[WHAT TO DO]
Type out each record word for word. Pictures stay out.

[TASK MATERIAL]
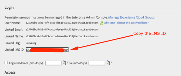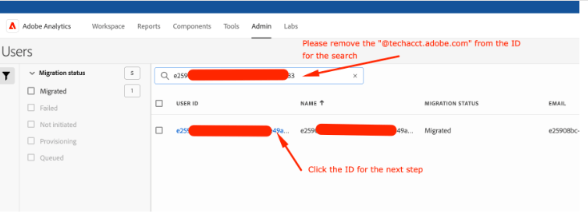 >Analytics用户和资产UI。 将您之前复制的技术帐户电子邮件ID粘贴到搜索栏中,并找到该ID以查找对应的链接IMS ID。 -
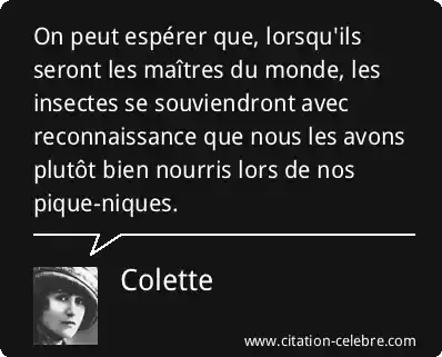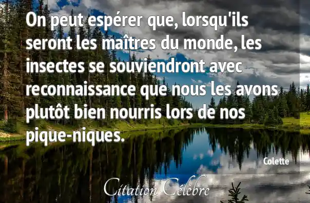 On peut espérer que, lorsqu'ils seront les maîtres du monde, les insectes se souviendront avec reconnaissance que nous les avons plutôt bien nourris lors de nos pique-niques.
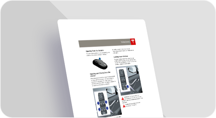 book.book Page 7 Friday, July 19, 2013 12:53 PM Windows Windows to be fully operational and can cause Opening from the Exterior To open windows from outside Model S, press hazardous, unauthorized or unintentional use and hold the unlock button on the key. of Model S. Locking Rear Windows To prevent passengers from using the rear window switches, press the rear window lock switch. The switch light turns on. To unlock rear windows, press the switch again. Opening and Closing from the Interior Press down on a switch to lower the associated window all the way down. Window switches operate at two levels. To lower a window partially, hold the switch and release when the window is at the desired position. WARNING: To ensure safety, it is recommended that you lock the rear windows whenever children are seated in the rear seats. WARNING: Never leave children unattended in Model S. Similarly, pull a switch to raise the associated window. This also operates at two levels—when raising, hold the switch and release when the window is at the desired position. WARNING: Before closing a power window, it is the driver’s responsibility to ensure that all occupants, especially children, do not have any body parts extended through the window’s opening. Failure to do so can cause serious injury. WARNING: When leaving Model S, always take your key with you. Leaving the key in Model S allows all doors, windows, and controls OPENING AND CLOSING 2.7
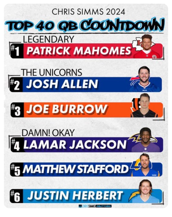 My initial reaction was to disagree on this, but realistically its totally fair. I think with Burrow its more of a reputation thing as opposed to a production thing. Pretty mediocre last year, Jake Browning played as well, maybe even betterI don’t think Burrow belongs in the top 5.
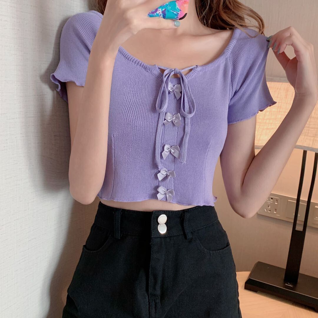 スタイルButterflyデザイン ショートニットセーター レース レースアップ Xiaofeijia64005867634
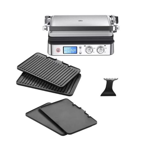 Doskonałe efekty grillowania na śniadanie, obiad, kolację i przekąski. Nieograniczone możliwości, którą zapewniają dwa zestawy różnych płyt i trzy pozycje grillowania na największej powierzchni roboczej Braun*. Moc 2000 W i wbudowane w płyty elementy grzewcze zapewniają szybsze pieczenie. Pokochasz tę szybkość i wydajność w swojej kuchni. A do aromatycznych, soczystych steków i chrupiącego, złocistego kurczaka wystarczy nacisnąć przycisk Sear, który dodatkową dawką mocy na kilka minut rozgrzeje grill do 250°C, tworząc intensywnie brązową skórkę, wzbogacającą wytrawny smak ulubionych mięs.
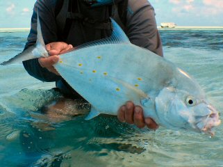 One can’t explain the beauty of these Indo-Pacific permit. I’ve known of them for many years. I knew exactly what they look like from pictures. I’ve seen a few swimming but neither does justice for how spectacularly fine-looking they really are when they are right before your eyes. We admired Bens yellow permit for a couple minutes before releasing.
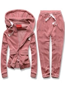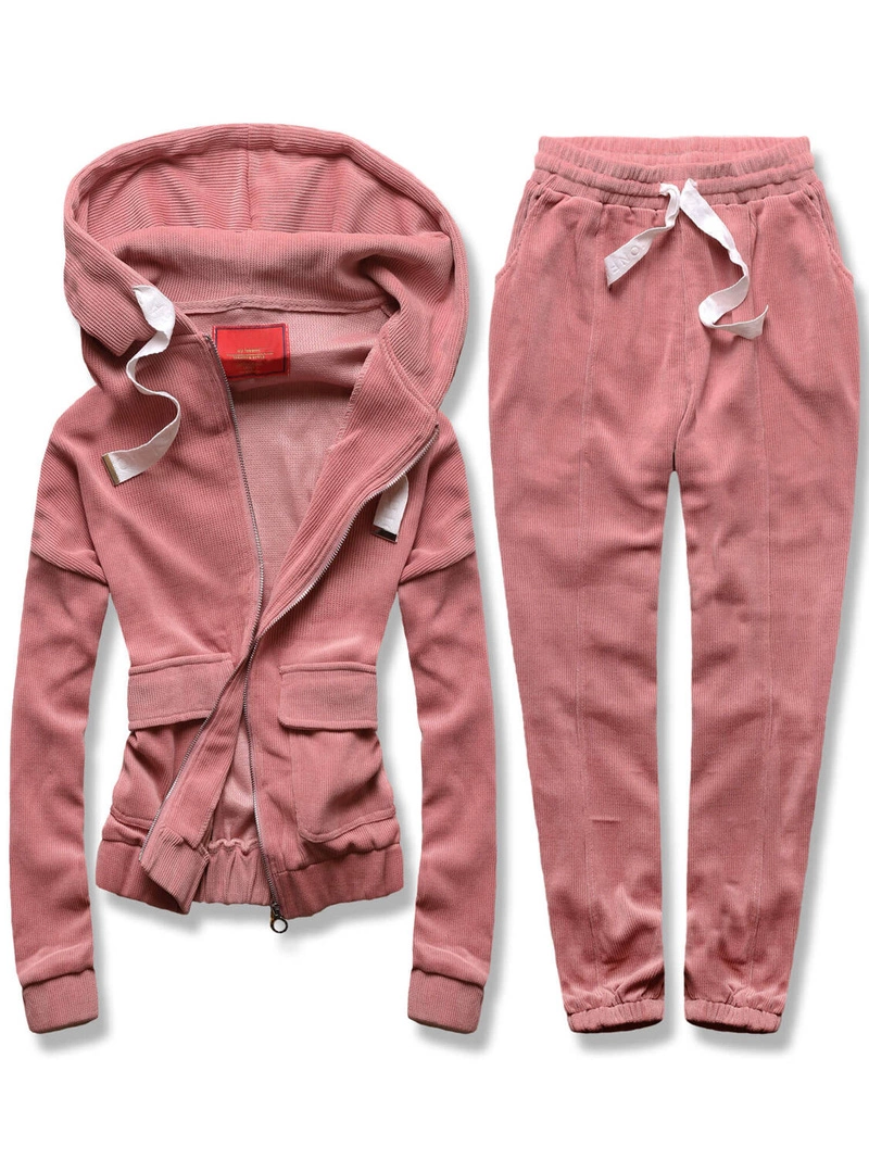 Różowy prążkowany dres komplet z kapturem
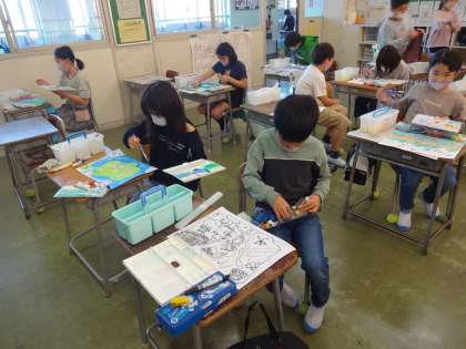 国語科の物語をつくる学習「たから島のぼうけん」に関連して、「たから島の地図」を描いています。
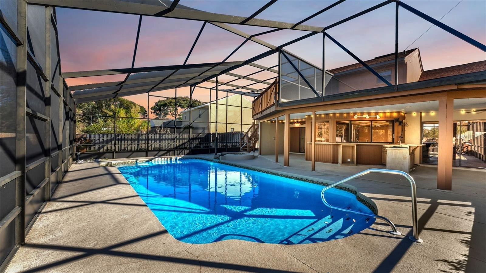 Outside, the pool and spa area serves as a private retreat, offering plenty of space to relax or entertain. The combination of warm interior finishes and resort-style outdoor living creates a home that feels both comfortable and welcoming, yet perfectly suited to Florida living.
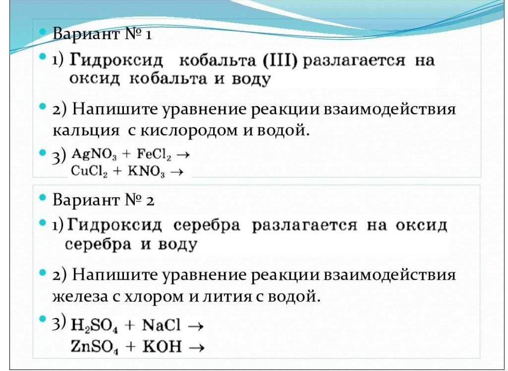3) H2SO4 + NaCl ≠ (р-ия не пойдет, т.к. не выделяется ни осадок, ни газ, ни вода)
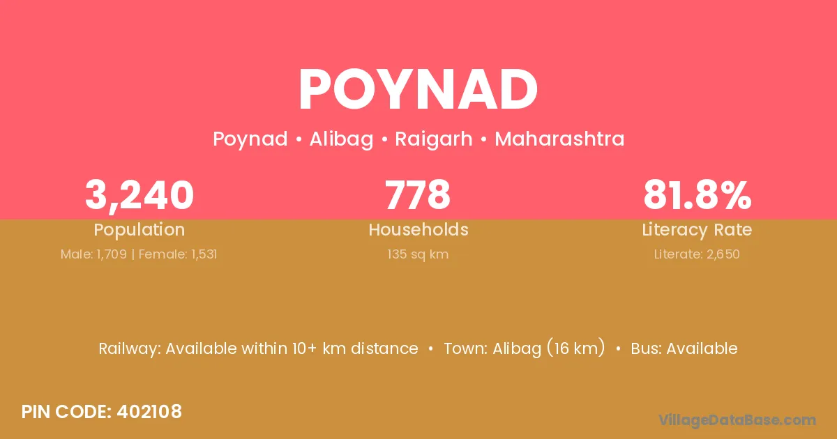 Alibag (16 km) is the nearest town to Poynad village for major economic activities and is located approximately 16 km away.
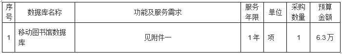项目需求:购买移动图书馆数据库服务一年,详见附件。
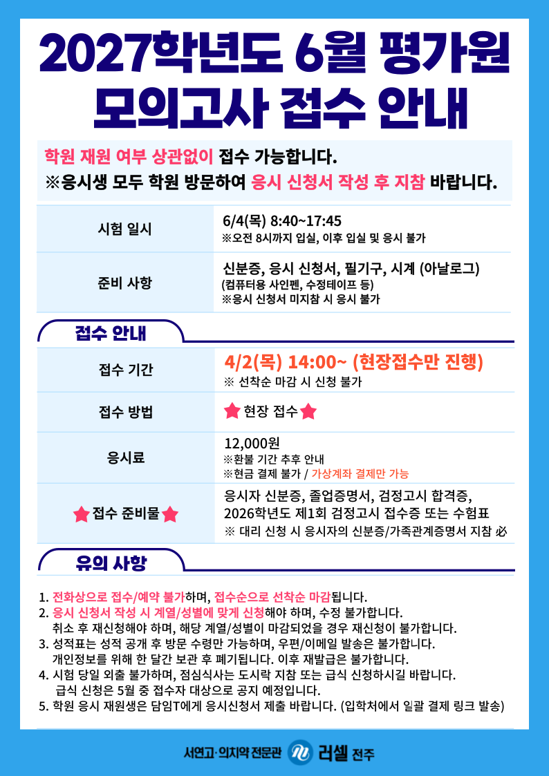 [·¯¼¿ ÀüÁÖ] 2027Çг⵵ 6¿ù Æò°¡¿ø ¸ðÀǰí»ç Á¢¼ö ¾È³»

[TASK SOLUTION]
 >Analytics用户和资产UI。 将您之前复制的技术帐户电子邮件ID粘贴到搜索栏中,并找到该ID以查找对应的链接IMS ID。 -
 On peut espérer que, lorsqu'ils seront les maîtres du monde, les insectes se souviendront avec reconnaissance que nous les avons plutôt bien nourris lors de nos pique-niques.
 book.book Page 7 Friday, July 19, 2013 12:53 PM Windows Windows to be fully operational and can cause Opening from the Exterior To open windows from outside Model S, press hazardous, unauthorized or unintentional use and hold the unlock button on the key. of Model S. Locking Rear Windows To prevent passengers from using the rear window switches, press the rear window lock switch. The switch light turns on. To unlock rear windows, press the switch again. Opening and Closing from the Interior Press down on a switch to lower the associated window all the way down. Window switches operate at two levels. To lower a window partially, hold the switch and release when the window is at the desired position. WARNING: To ensure safety, it is recommended that you lock the rear windows whenever children are seated in the rear seats. WARNING: Never leave children unattended in Model S. Similarly, pull a switch to raise the associated window. This also operates at two levels—when raising, hold the switch and release when the window is at the desired position. WARNING: Before closing a power window, it is the driver’s responsibility to ensure that all occupants, especially children, do not have any body parts extended through the window’s opening. Failure to do so can cause serious injury. WARNING: When leaving Model S, always take your key with you. Leaving the key in Model S allows all doors, windows, and controls OPENING AND CLOSING 2.7
 My initial reaction was to disagree on this, but realistically its totally fair. I think with Burrow its more of a reputation thing as opposed to a production thing. Pretty mediocre last year, Jake Browning played as well, maybe even betterI don’t think Burrow belongs in the top 5.
 スタイルButterflyデザイン ショートニットセーター レース レースアップ Xiaofeijia64005867634
 Doskonałe efekty grillowania na śniadanie, obiad, kolację i przekąski. Nieograniczone możliwości, którą zapewniają dwa zestawy różnych płyt i trzy pozycje grillowania na największej powierzchni roboczej Braun*. Moc 2000 W i wbudowane w płyty elementy grzewcze zapewniają szybsze pieczenie. Pokochasz tę szybkość i wydajność w swojej kuchni. A do aromatycznych, soczystych steków i chrupiącego, złocistego kurczaka wystarczy nacisnąć przycisk Sear, który dodatkową dawką mocy na kilka minut rozgrzeje grill do 250°C, tworząc intensywnie brązową skórkę, wzbogacającą wytrawny smak ulubionych mięs.
 One can’t explain the beauty of these Indo-Pacific permit. I’ve known of them for many years. I knew exactly what they look like from pictures. I’ve seen a few swimming but neither does justice for how spectacularly fine-looking they really are when they are right before your eyes. We admired Bens yellow permit for a couple minutes before releasing.
 Różowy prążkowany dres komplet z kapturem
 国語科の物語をつくる学習「たから島のぼうけん」に関連して、「たから島の地図」を描いています。
 Outside, the pool and spa area serves as a private retreat, offering plenty of space to relax or entertain. The combination of warm interior finishes and resort-style outdoor living creates a home that feels both comfortable and welcoming, yet perfectly suited to Florida living.
3) H2SO4 + NaCl ≠ (р-ия не пойдет, т.к. не выделяется ни осадок, ни газ, ни вода)
 Alibag (16 km) is the nearest town to Poynad village for major economic activities and is located approximately 16 km away.
项目需求:购买移动图书馆数据库服务一年,详见附件。
 [·¯¼¿ ÀüÁÖ] 2027Çг⵵ 6¿ù Æò°¡¿ø ¸ðÀǰí»ç Á¢¼ö ¾È³»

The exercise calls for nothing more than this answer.